SR-B1 is mainly identified for promoting selective uptake of CE from HDL or other lipoproteins to cells by a non-endocytic process [23,24,25,26,27,28]. Moreover, SR-B1 mediates selective hepatic uptake of HDL-CE, free cholesterol (FC), triglycerides (TG), and phospholipids by a three step mechanism [24,25,26,27]. First, cholesterol-rich donor lipoprotein particles could bind to the extracellular loop domain of the receptor. Then, SR-B1 could promote the transfer of CE from the lipoprotein particles to the plasma membrane, and finally, the cholesterol poor lipoprotein particles could release back into the circulation [3,23,24]. Furthermore, SR-B1 requires oligomerization to promote selective lipid uptake, but not HDL binding [26,27,28,29,30,31]. Although the mechanism by which SR-B1 facilitates the transfer of CE to the plasma membrane is not fully understood, a model has been proposed in which a hydrophobic tunnel is formed by the extracellular domain of the receptor between lipoprotein particles and the cell membrane through which CE diffuse in a concentration gradient manner [27,32]. The recent publication of the high-resolution crystal structure of the extracellular domain of LIMP-2, a homologue of SR-B1, supports the validity of this mechanism [33].

In addition to selective CE uptake, SR-B1 also facilitates the efflux of free cholesterol between cells and lipoproteins [34,35]. Briefly, this mechanism carried out by HDL is known as RCT and consists of the transport of cholesterol via HDL from peripheral tissues such as macrophages or endothelial cells to the liver for cholesterol excretion, bile acid production or steroid hormone synthesis in steroidogenic organs [26,36]. Apart from SR-B1, two more receptors are involved in this process: ATP-binding cassette A1 (ABCA1), that mediates unidirectional efflux of cholesterol and phospholipids to apolipoprotein (apo) A-I and apo E [27,37], and ATP-binding cassette G1 (ABCG1), that promotes unidirectional efflux of cholesterol to nascent HDL particles [27,38].

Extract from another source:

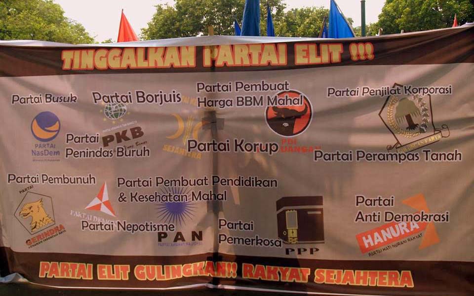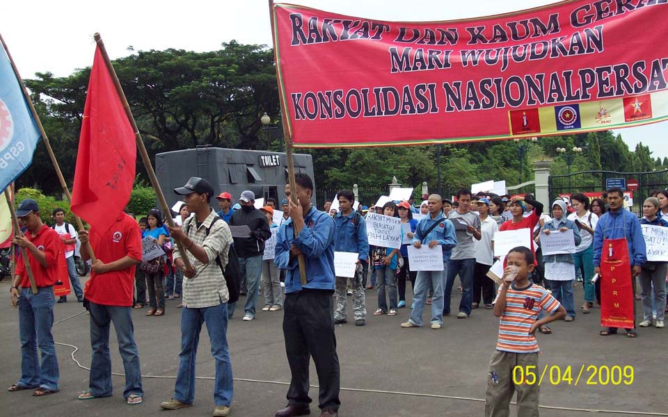 Medan – On April 5 scores of people from the North Sumatra Union for the Politics of the Poor Front (FPPRM-SU) held a protest action at the Mejestik roundabout in the North Sumatra city of Medan opposing the April 9 legislative elections.

SR-B1 has been involved in the progression of atherosclerosis [4]. SR-B1, via HDL, contributes to the transport of cholesterol from macrophages through cholesterol efflux to the liver, and is also implicated in reducing inflammation and oxidation [3,4,27]. SR-B1 interaction with HDL modulates macrophage inflammation through activation of Akt and decreased activation of nuclear factor-κB (NF-κB), promoting the release of anti-inflammatory cytokines, including interleukin 10 and transforming growth factor-beta (TGF-ß) [26,39]. In the endothelial cells, SR-B1 inhibits inflammation via endothelial nitric oxide synthase (eNOS) activation and expression of the antioxidant enzyme, 3-beta-hydroxysteroid-delta 24-reductase (DHCR24) [4,40]. HDL and apo A-I also reduce oxidative modification of apo B containing lipoproteins [4]. Furthermore, SR-B1 in macrophages and endothelial cells could suppress the progression of atherosclerosis by modifying cholesterol trafficking and reducing atherosclerotic lesion through limiting foam cell formation [41,42]. Moreover, SR-B1 in macrophages and endothelial cells could also promote the uptake by HDL of modified lipoproteins that contribute to the development of early atherosclerotic lesions [43,44,45]. Hepatic SR-B1 mediates the clearance of VLDL, LDL, and Lp(a), whose accumulation in plasma facilitate the progression of atherosclerosis [16,17,18,19]. SR-B1 promotes the reduction of apoptosis, and mediates efferocytosis of apoptotic cells in macrophages of atherosclerotic lesions [46,47]. Platelet SR-B1 has been implicated as a negative controller in the development of thrombosis [48,49] (Figure 1) (Table 1).